Magnitude of Electromagnetic fields are radially symmetric but not direction

Question

Suppose we have a plane and a wire with current passing perpendicular to it. If we consider magnitude field of any point at a perpendicular distance $r$ from the wire, we have the following expression as field for points outside the wire:

$$ B = \frac{\kappa}{r} \hat{\theta}$$

Where $\kappa$ is some constant.

Now, let's suppose a similar configuration of a cylinder with uniform charge density and let's say we consider a point far away, then the field is given as:

$$ E= \frac{ \kappa'}{r} \hat{r}$$

Where $\kappa'$ is another constant.

In the derivation, the fact that both of these fields are symmetric are used in argument to find the magnitude, but my mind boggling doubt is, why is it that , on a fundamental level, that the the unit vectors are different?!

For instance, suppose we draw a line from origin to point on cylinder, then if we reflect the point and vector attached of a point not on line, then we get the correct answer for eletric field but with opposite sign for magnetic. Here is a pic for the magnetic field case:

In the above, I have reflected the vector on top most point by horizontal line. I get the bottom point and bottom vector but with wrong direction.

But had I done such a thing for electrostatic field, I'd have right vector for the reflected point. Very roughly speaking, why does electrostatic field have this symmetric which magnetic field doesn't?

Answer 1

The magnetic field is not really a vector field; it is a bivector field, meaning that at each point it has a magnitude and a pair of directions. However, since we are in three dimensions, we usually represent the magnetic field as a vector field pointing in a direction normal to the bivector.

In the case of a long, straight, stead-current-carrying wire, the true bivector form of the magnetic field points in the following two directions: the radial direction, and the direction of the current.

The electric field is truly a vector field. In the case of a long, straight, uniformly charged wire, the electric field points radially.

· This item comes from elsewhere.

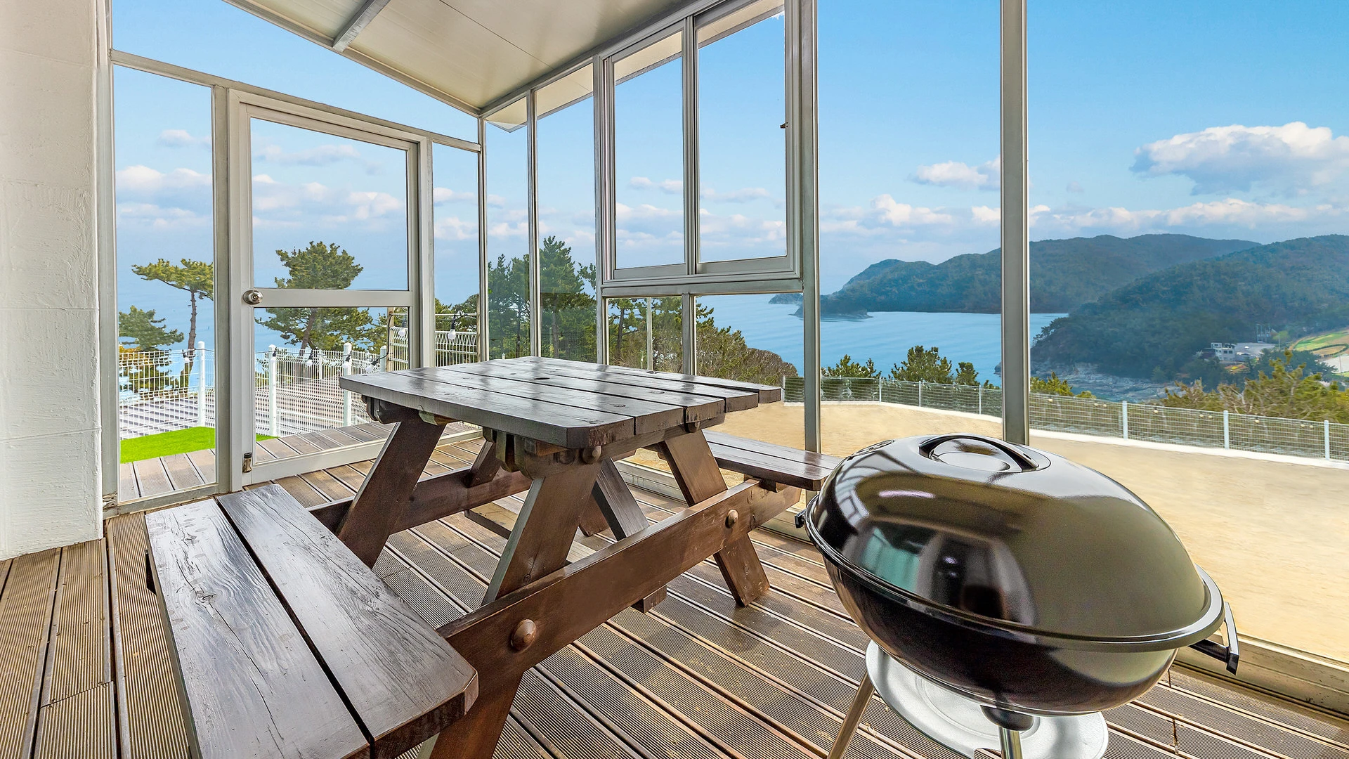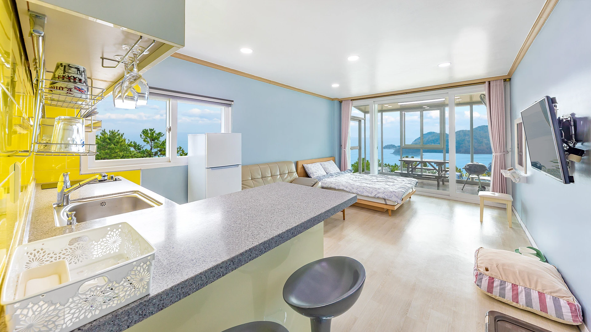 - 집기품목 : TV, 개별바비큐, 냉장고, 드라이기, 세면도구, 와이파이, 에어컨, 인덕션, 전기밥솥, 전자레인지, 테라스, 타월, 취사시설/도구, 욕실용품, VOD, 애견운동장, 정수기, 바다전망

So in fact the electric and magnetic fields both point radially in these two analogous scenarios, but the magnetic field also has a second direction that it gets from the direction of the current. The fact that magnetic fields are sourced by currents (which have direction) and electric fields by charges (which do not) gives rise to magnetic fields having an additional direction.

The bidirectional nature of the magnetic field becomes obscured when we replace it by a normal vector. When the two directions are the radial direction and the longitudinal direction, the normal direction is the circumferential one that you usually associate with the magnetic field around a wire.

Answer 2

There are a few directions we can go for an answer. One is that the two problems have different symmetry: The electric case is spherical, while the magnetic case is cylindrical. But we may, as you might, think of the magnetic case as a $2D$ spherical problem, and ask why there is such a difference between the two cases.

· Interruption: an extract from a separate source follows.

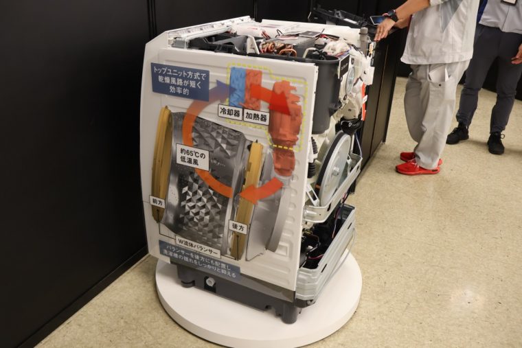 このほか、新モデルでは、従来の運転時間98分はそのままに、ヒートポンプユニットのコンプレッサー制御システムを改良して効率化を図り、消費電力量を約10%削減。さらに、昨年モデルに搭載された「汚れ剥がしコース」の対象コースが拡大され、より使いやすくなっています。
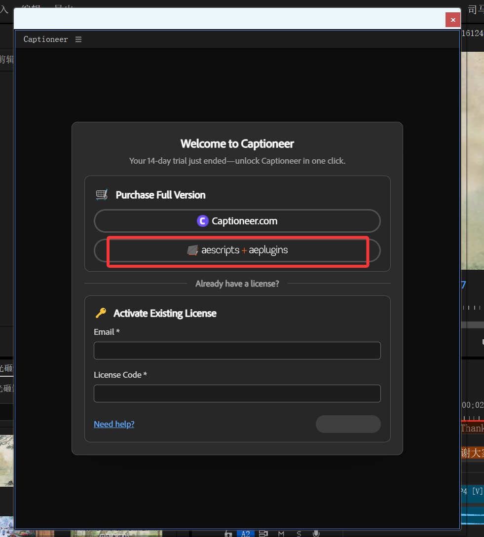 注意:第一次打开插件的时候要选aescripts框架,如果之前选的不是aescripts,可以到以下路径删掉Captioneer这个文件夹:

Well, first there is a physical difference: the magnetic field has zero divergence, and therefore cannot have a radial component. If it had a radial component, then by $2D$ spherical symmetry it should be constant around some 1-sphere (the 1-sphere is just the circle), and give a nonzero net divergence. So instead of a combination of a radial and angular field, we only get the angular part in the magnetic case.

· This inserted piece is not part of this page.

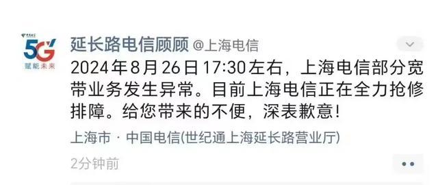 “2024年8月26日17:30左右,上海电信部分宽带业务发生异常。目前上海电信正在全力抢修排障。给您带来的不便,深表歉意!”

But the question still remains: Why does the $3D$ electric case have only a radial component, and vanishing angular part? One can use the fact that $\vec{E}$ has vanishing curl (in the stationary case), but there is another reason. Let's suppose that the electric field has some angular part $\vec{E_\Omega}$. Let's also look at the electric field on a 2-sphere of some radius. $\vec{E_\Omega}$ is a vector field defined on the 2-sphere - meaning that it is always tangent to the sphere (by definition). According to the Hairy Ball Theorem, it vanishes somewhere. By spherical symmetry, it should vanish everywhere on the sphere. Thus, the electric field is radial.

Note that we do not have the same problem in the $2D$ magnetic case, as the 1-sphere does have a constant vector field defined on it (meaning- tangent to it), which is nonvanishing- that is just $B \ \hat{\theta}$

Answer 3

It's simply because the $E$ and $B$ fields don't satisfy the same equations: just look at the 4 Maxwell equations and see the 'asymmetry' in the roles of $E$ and $B$. If you start with different equations, then it's no surprise that you get different solutions.